■ RECORDS FOR THE EXERCISE:
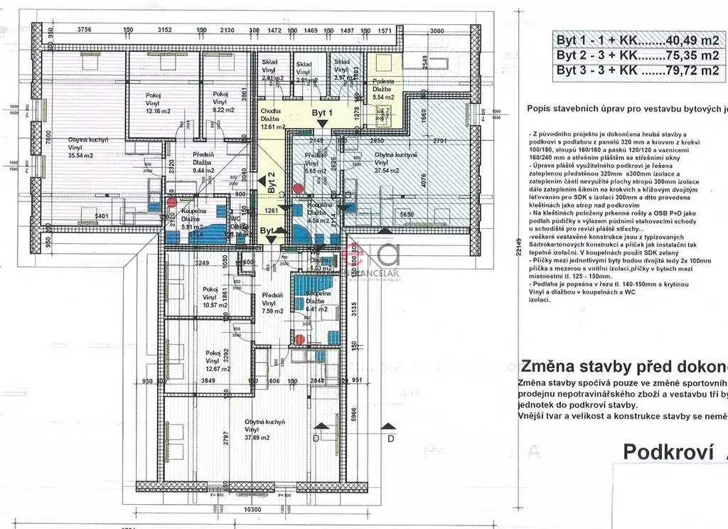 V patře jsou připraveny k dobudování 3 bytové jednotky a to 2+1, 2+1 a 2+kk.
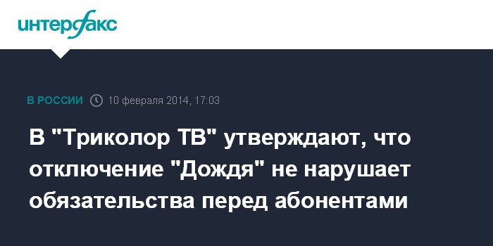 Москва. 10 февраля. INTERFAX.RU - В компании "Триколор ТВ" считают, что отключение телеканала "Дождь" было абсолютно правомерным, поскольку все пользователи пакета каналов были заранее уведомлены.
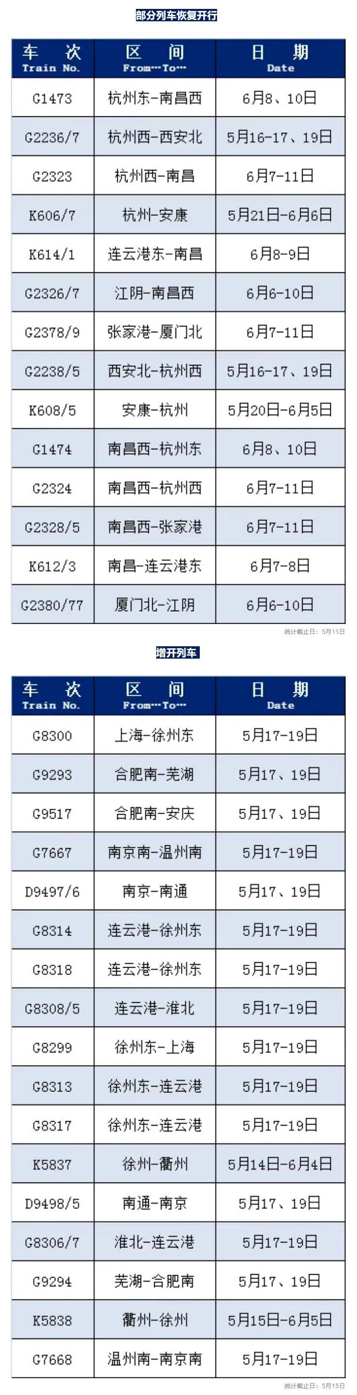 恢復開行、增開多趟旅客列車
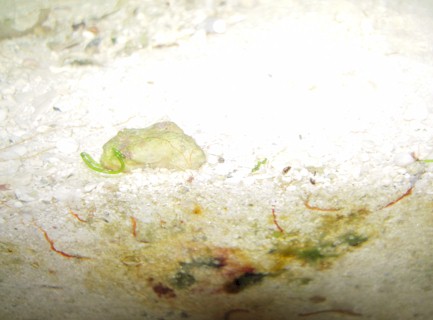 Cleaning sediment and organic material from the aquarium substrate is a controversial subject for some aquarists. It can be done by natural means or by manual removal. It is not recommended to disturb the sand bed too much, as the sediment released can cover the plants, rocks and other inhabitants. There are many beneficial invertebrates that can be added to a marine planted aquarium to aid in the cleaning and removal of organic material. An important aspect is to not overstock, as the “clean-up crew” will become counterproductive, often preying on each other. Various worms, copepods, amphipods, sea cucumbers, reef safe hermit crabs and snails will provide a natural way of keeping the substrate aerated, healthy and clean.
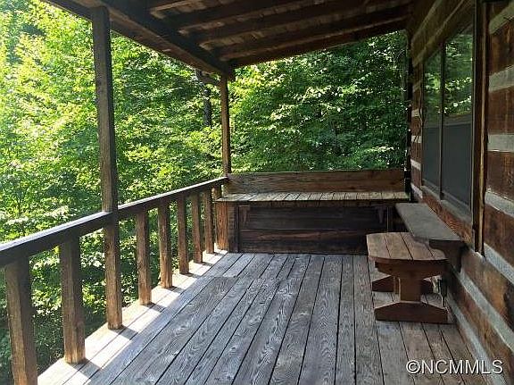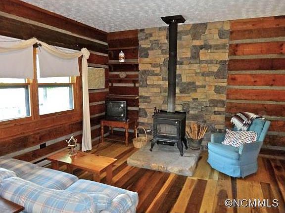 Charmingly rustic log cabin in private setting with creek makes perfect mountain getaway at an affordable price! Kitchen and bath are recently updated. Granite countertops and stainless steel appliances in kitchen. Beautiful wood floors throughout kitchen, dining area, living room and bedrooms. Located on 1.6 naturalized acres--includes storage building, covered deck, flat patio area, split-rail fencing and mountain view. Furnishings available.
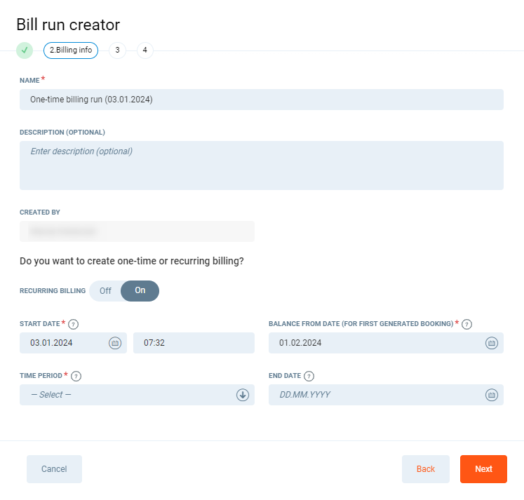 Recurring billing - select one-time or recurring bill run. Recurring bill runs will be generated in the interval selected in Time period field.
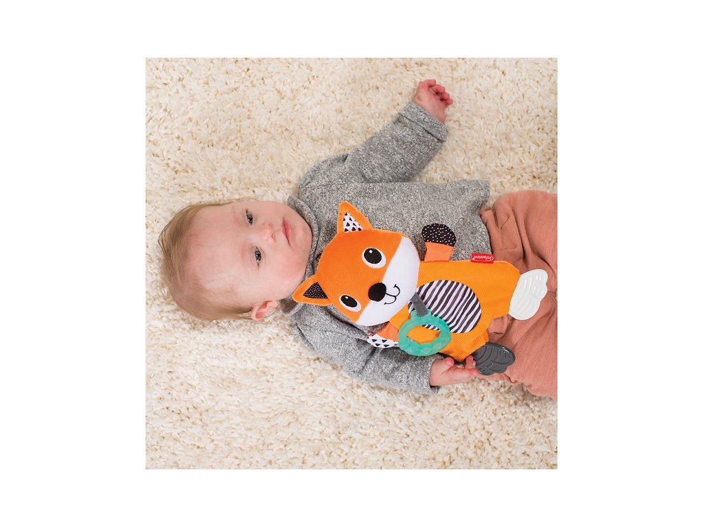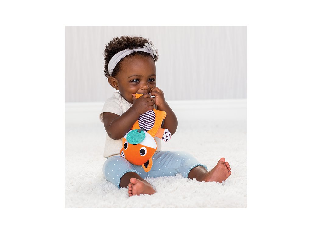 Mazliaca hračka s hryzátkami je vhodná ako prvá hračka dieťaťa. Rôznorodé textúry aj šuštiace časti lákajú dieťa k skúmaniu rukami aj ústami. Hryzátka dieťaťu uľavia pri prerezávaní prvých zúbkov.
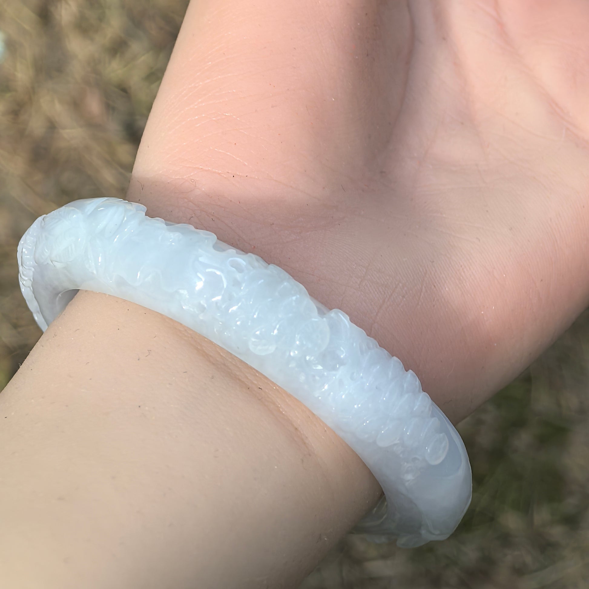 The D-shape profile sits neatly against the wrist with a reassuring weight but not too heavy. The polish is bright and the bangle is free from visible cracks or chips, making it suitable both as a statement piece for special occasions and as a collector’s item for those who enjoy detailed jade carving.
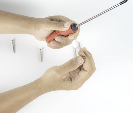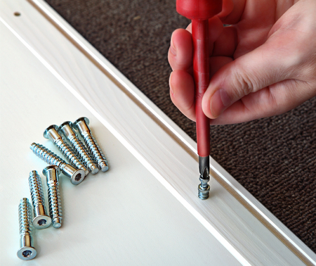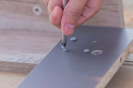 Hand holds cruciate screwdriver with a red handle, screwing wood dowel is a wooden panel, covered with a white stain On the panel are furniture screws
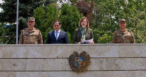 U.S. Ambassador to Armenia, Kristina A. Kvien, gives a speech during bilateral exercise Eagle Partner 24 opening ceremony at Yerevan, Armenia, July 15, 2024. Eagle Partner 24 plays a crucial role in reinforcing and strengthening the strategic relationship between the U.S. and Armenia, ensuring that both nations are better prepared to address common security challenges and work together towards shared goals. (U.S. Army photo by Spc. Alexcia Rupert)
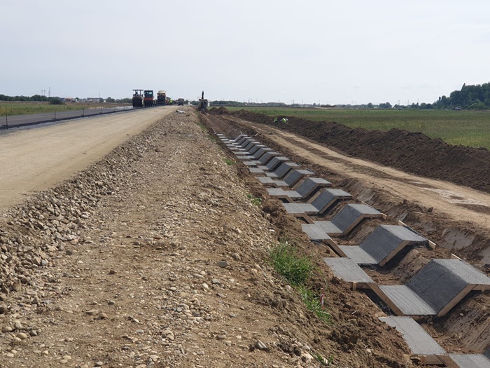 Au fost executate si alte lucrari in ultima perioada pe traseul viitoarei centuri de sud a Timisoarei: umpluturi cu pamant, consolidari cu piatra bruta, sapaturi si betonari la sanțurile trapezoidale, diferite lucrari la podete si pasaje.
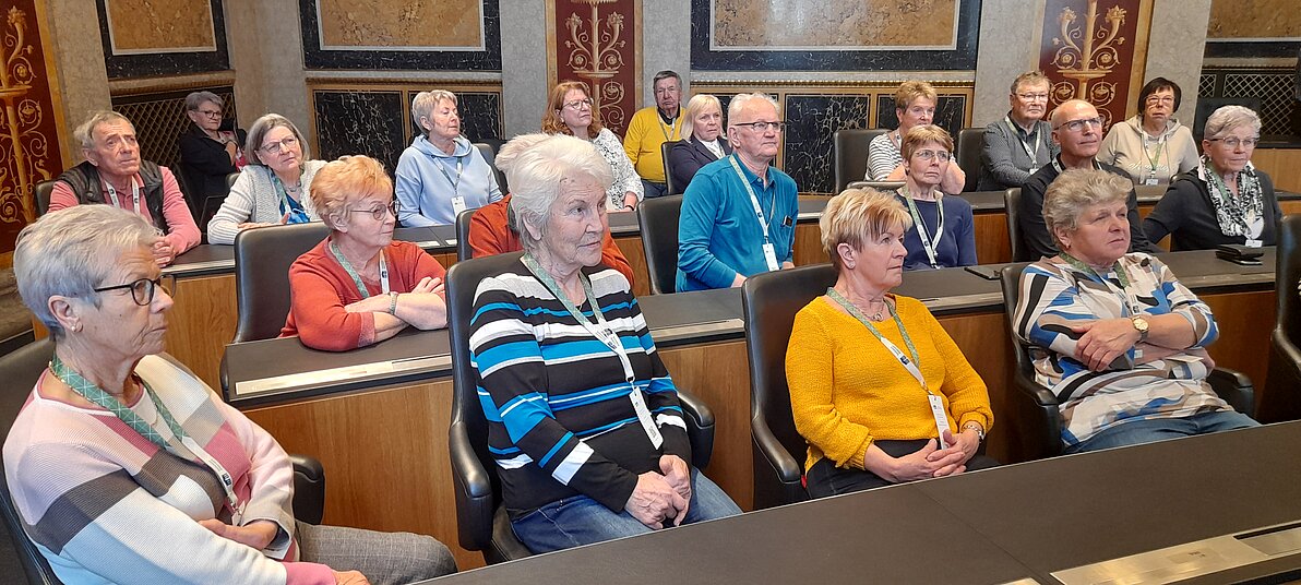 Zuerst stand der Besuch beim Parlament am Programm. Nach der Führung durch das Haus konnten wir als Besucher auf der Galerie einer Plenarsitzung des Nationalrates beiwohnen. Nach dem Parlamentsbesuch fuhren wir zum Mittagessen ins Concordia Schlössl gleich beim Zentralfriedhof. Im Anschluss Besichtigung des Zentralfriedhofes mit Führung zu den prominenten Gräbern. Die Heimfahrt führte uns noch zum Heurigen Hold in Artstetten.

* * *

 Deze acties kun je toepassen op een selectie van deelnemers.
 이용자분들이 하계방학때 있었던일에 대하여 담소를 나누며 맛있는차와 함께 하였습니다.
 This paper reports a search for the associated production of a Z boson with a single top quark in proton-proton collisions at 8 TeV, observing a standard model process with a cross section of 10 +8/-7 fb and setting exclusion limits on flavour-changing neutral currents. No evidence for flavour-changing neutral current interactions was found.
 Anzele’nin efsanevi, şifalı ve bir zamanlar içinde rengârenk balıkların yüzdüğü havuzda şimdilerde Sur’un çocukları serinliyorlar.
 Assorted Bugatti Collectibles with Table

--

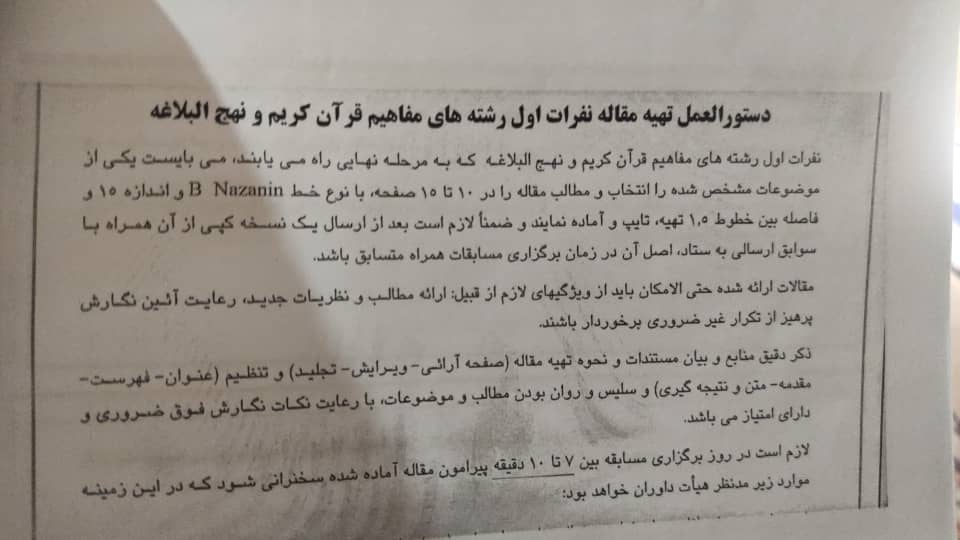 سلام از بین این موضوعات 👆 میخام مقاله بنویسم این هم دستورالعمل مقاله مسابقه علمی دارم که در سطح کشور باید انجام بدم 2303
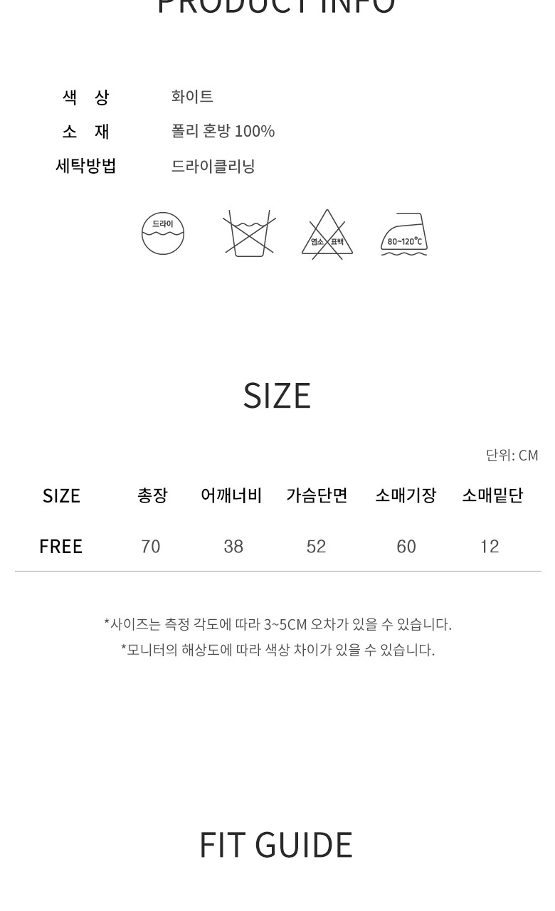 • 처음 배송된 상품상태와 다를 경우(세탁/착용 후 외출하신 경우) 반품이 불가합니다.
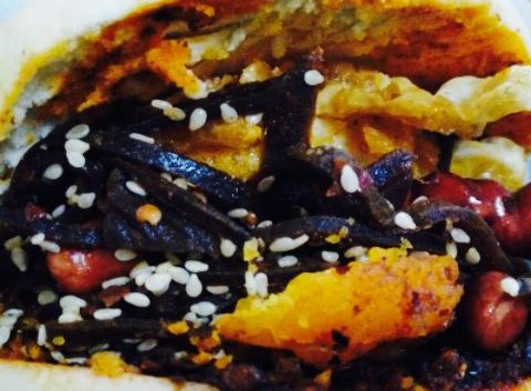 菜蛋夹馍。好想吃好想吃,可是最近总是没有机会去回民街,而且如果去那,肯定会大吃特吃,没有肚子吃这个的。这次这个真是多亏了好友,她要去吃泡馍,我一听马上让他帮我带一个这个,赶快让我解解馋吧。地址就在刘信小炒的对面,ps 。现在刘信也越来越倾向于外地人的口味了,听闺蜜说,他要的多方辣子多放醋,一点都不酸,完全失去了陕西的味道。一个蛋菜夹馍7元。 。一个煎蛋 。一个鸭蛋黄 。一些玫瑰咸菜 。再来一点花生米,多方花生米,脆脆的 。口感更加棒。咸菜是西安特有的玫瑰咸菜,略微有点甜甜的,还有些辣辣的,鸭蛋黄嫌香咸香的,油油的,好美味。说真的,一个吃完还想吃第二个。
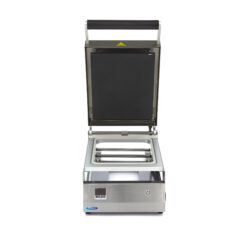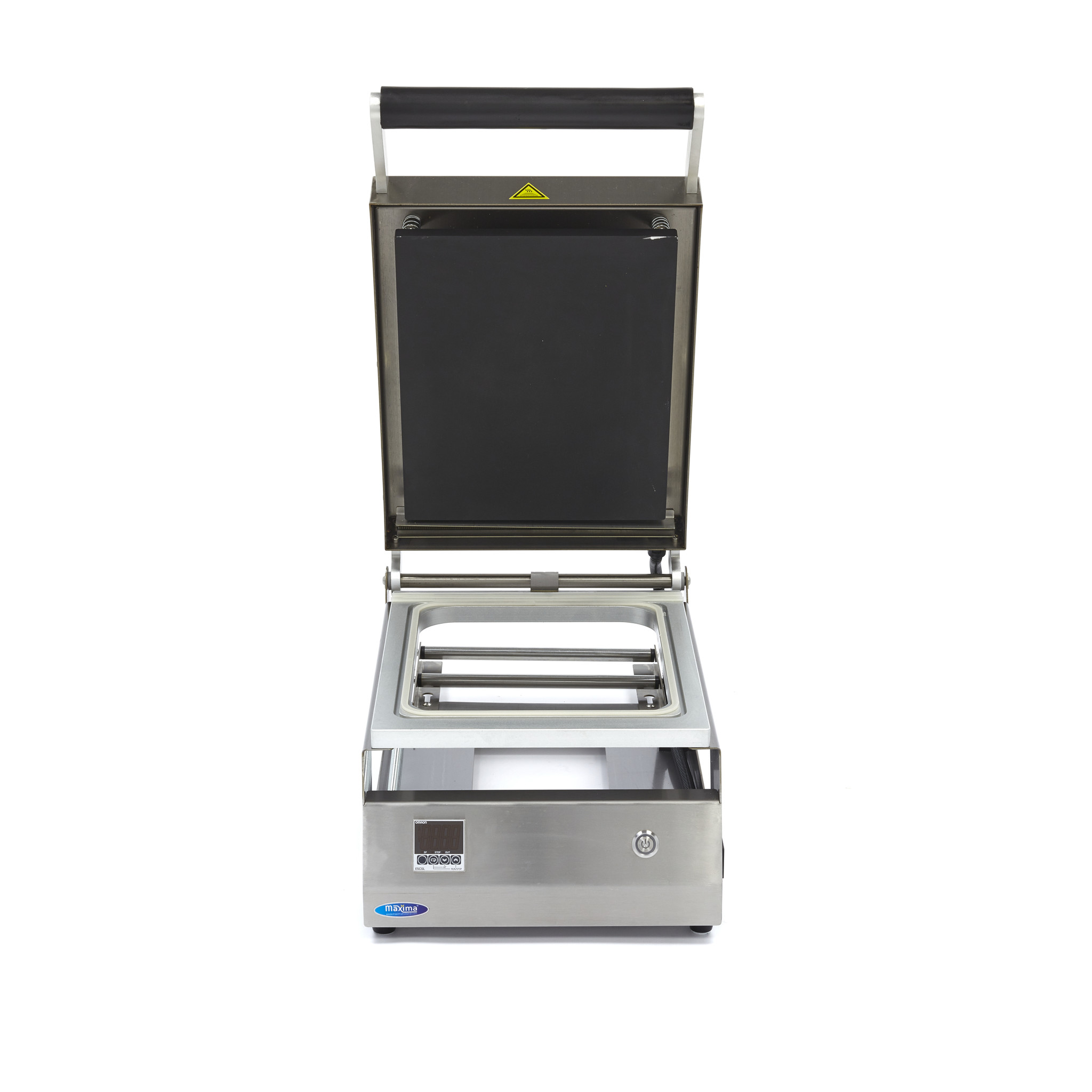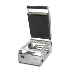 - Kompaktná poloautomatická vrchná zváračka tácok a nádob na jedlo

■ WORK ITEM: In the entries above, restate word for word the lines between the one holding "Deze acties kun" and the one holding "Assorted Bugatti Collectibles with Table", inclusive, and nothing besides.

■ SOLVED EXERCISE:
 Deze acties kun je toepassen op een selectie van deelnemers.
 이용자분들이 하계방학때 있었던일에 대하여 담소를 나누며 맛있는차와 함께 하였습니다.
 This paper reports a search for the associated production of a Z boson with a single top quark in proton-proton collisions at 8 TeV, observing a standard model process with a cross section of 10 +8/-7 fb and setting exclusion limits on flavour-changing neutral currents. No evidence for flavour-changing neutral current interactions was found.
 Anzele’nin efsanevi, şifalı ve bir zamanlar içinde rengârenk balıkların yüzdüğü havuzda şimdilerde Sur’un çocukları serinliyorlar.
 Assorted Bugatti Collectibles with Table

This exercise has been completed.